> WHAT IS EXPECTED: Starting at the line that contains "Black Lacquered Steel" and stopping at the line that contains "1. Material: Powder-Coated", restate each line of the records below exactly. Omit the pictures.

PROVIDED INFORMATION below:

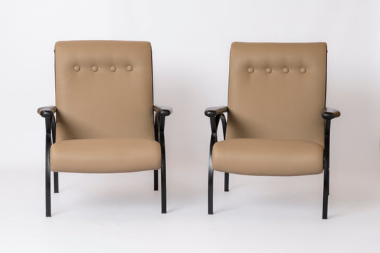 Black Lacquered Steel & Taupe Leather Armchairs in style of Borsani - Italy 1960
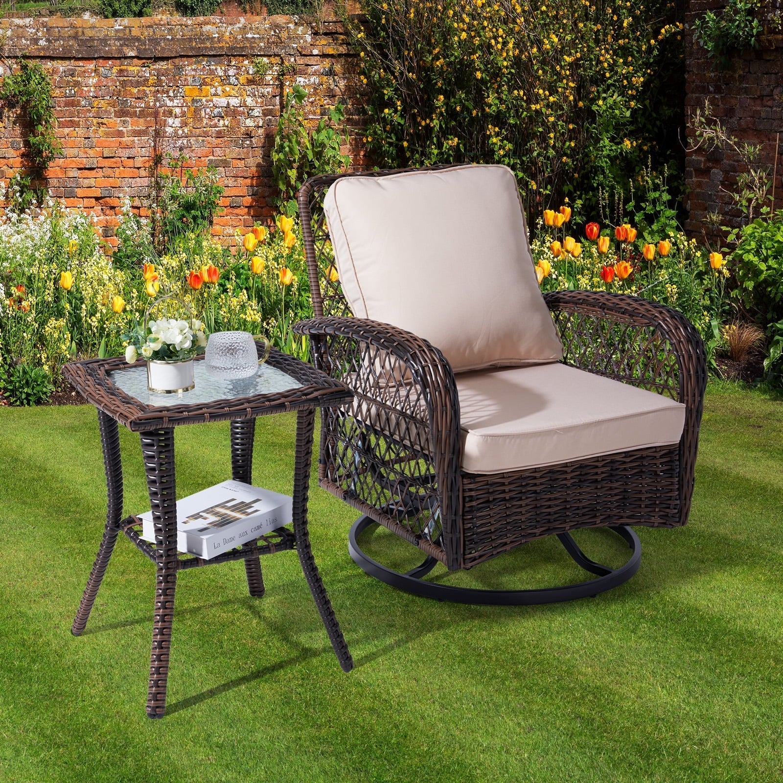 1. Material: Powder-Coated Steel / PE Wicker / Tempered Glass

End of PROVIDED INFORMATION.
PROVIDED INFORMATION below:

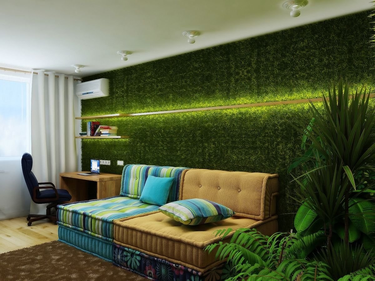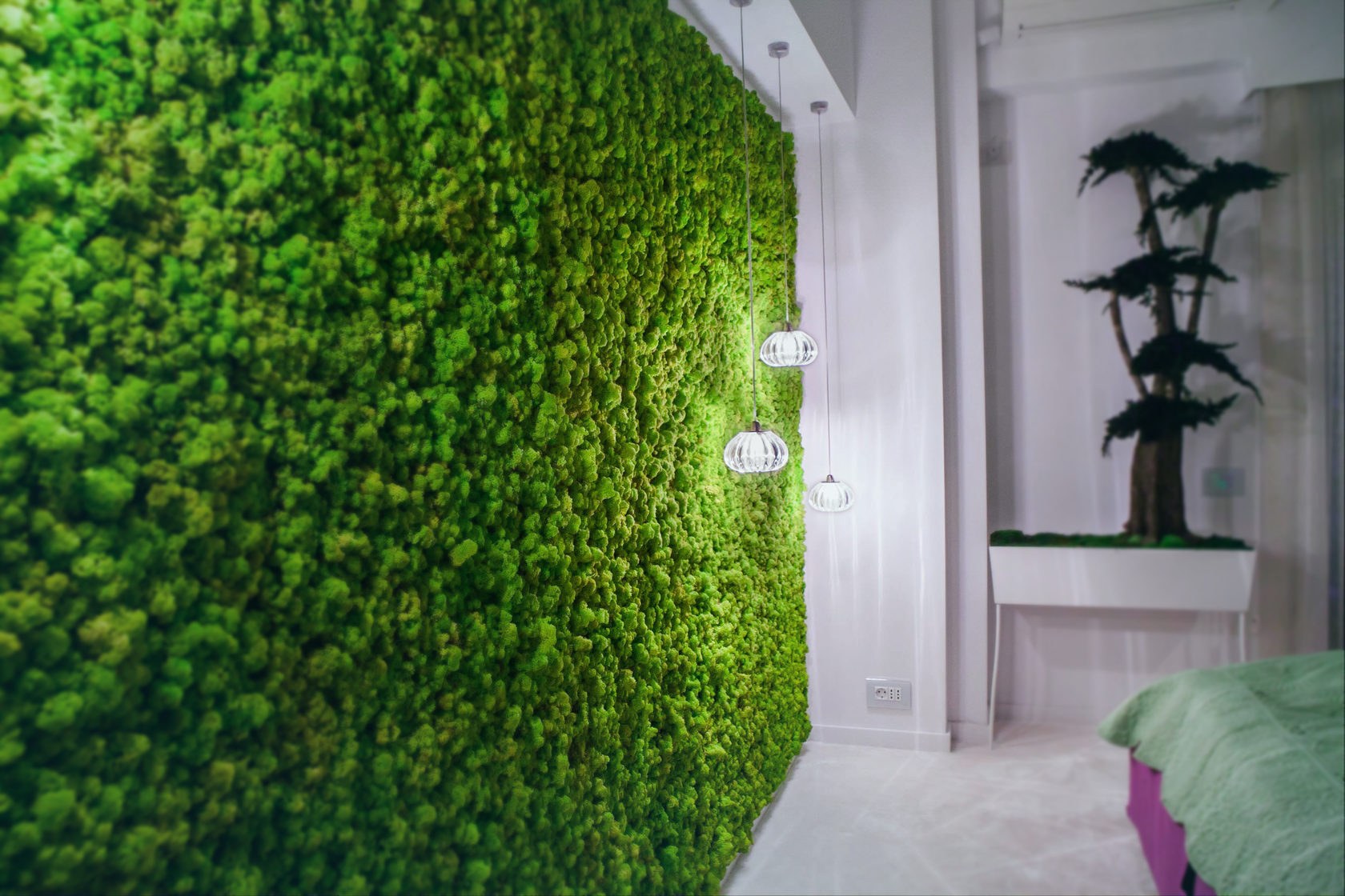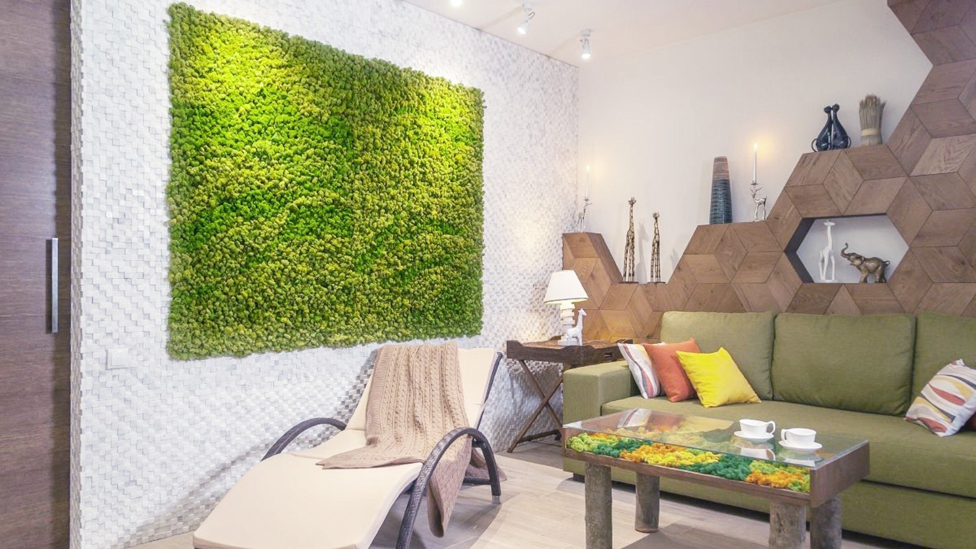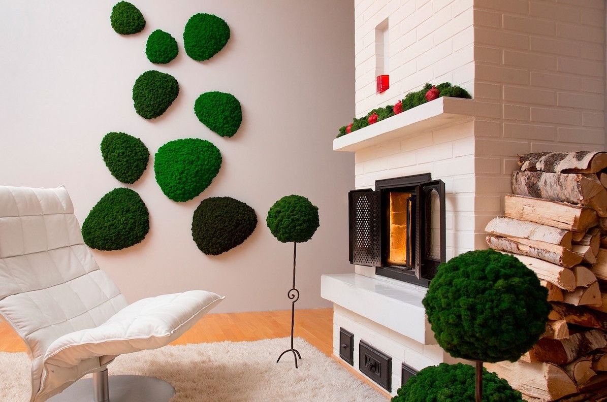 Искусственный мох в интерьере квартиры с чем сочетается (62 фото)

End of PROVIDED INFORMATION.
PROVIDED INFORMATION below:

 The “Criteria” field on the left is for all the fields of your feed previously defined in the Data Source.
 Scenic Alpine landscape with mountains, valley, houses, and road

End of PROVIDED INFORMATION.

> WRITTEN RESPONSE:
 Black Lacquered Steel & Taupe Leather Armchairs in style of Borsani - Italy 1960
 1. Material: Powder-Coated Steel / PE Wicker / Tempered Glass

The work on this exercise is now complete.